Yea I'm in a clay loam, that hasn't seen any tillage for over a decade so no matter what I buy i'll be doing x-cross patterns, shallow to deep... that's after I run a chisel plow through it...


----------



## RonM (Jan 6, 2008)

Go with the King Kutter..


----------



## Darren (May 10, 2002)

idigbeets said:


> Nope, I don't believe there's a dealer near me.


Kuhn is built in Germany. IIRC their units use gears instead of belts. They have a website that you can use to find a local dealer. Is this close enough?

WEST CENTRAL EQUIPMENT LLC
3159 STATE RTE 119
NEW ALEXANDRIA, PA 15670
Tel : 724-668-7172
Fax : 724-668-2073
[email protected]
Web : www.westcentraleq.com


----------



## rockbottomranch (Dec 23, 2010)

i dont have a very high opinion of anything made by Howse


----------



## idigbeets (Sep 3, 2011)

Thanks Darren, Alexandria is still a bit of a drive.. but I'll call them up for pricing. I did call the Johnstown store (they only sell JDeere for $2375), I didn't realize they were a Kuhn dealer as well. They never mentioned it when I asked for a tiller price.... Interesting.

Rock, 

Why?


----------



## imthedude (Jun 7, 2011)

don't have any experience with pull-behind tillers, only walk behind models, so forgive the possibly ignorant question: why would want to offset it from the tractor to the right? it seems like you'd want to have it aligned straight with the wheels so that your wheels could go in the areas between beds and not over where you'll plant.


----------



## idigbeets (Sep 3, 2011)

Depending on the width of the tractor that is pulling it... If the tractor is wider than the tiller you'll have lots of wheel tracks (extra compaction of the soil) and wasted time.
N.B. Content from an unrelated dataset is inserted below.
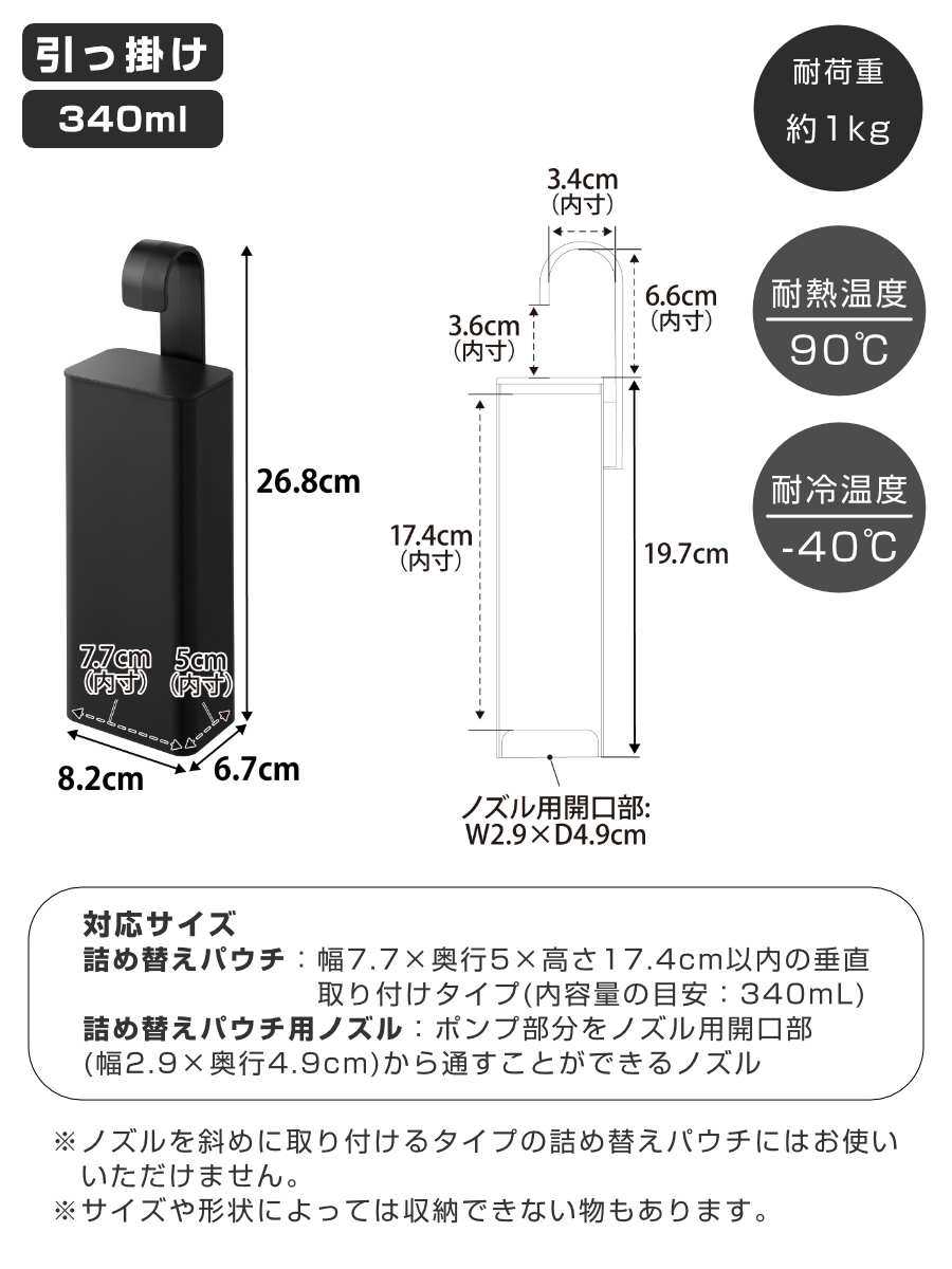| 対応サイズ | 詰め替えパウチ:幅7.7×奥行5×高さ17.4cm以内の垂直取り付けタイプ(内容量の目安:340mL) 詰め替えパウチ用ノズル:ポンプ部分をノズル用開口部(幅2.9×奥行4.9cm)から通すことができるノズル ※ノズルを斜めに取り付けるタイプの詰め替えパウチにはお使いいただけません。 ※サイズや形状によっては収納できない物もあります。 |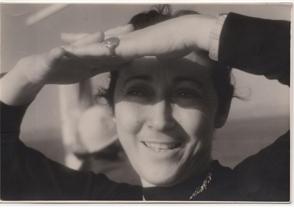 Black-and-white printed photograph of Vasso Katraki.

So I found out today that TSC doesn't carry rebranded King Kutter anymore... they carry Tarter Industries. While they appear to be very similar, the working depth is listed as only 4" on Tarter's website, and it is about 80lbs lighter than the KKII.

Add the fact that I called out to Pittsburgh and can get a KKII for $1580 right now, it has rocketed to my first choice.


----------



## Darren (May 10, 2002)

idigbeets said:


> Thanks Darren, Alexandria is still a bit of a drive.. but I'll call them up for pricing. I did call the Johnstown store (they only sell JDeere for $2375), I didn't realize they were a Kuhn dealer as well. They never mentioned it when I asked for a tiller price.... Interesting.
> 
> Rock,
> 
> Why?


The Kuhn is one of the best tillers on the planet. It may make the JD unit's cost look cheap. The Kuhn tillers are available in all sorts of configurations incluidng one to drive another piece of equipment behind the tiller. 

Take a look at the Italian tillers too. I'm a fan of Italian ag equipment. Check out the info on www.tractorbynet.com .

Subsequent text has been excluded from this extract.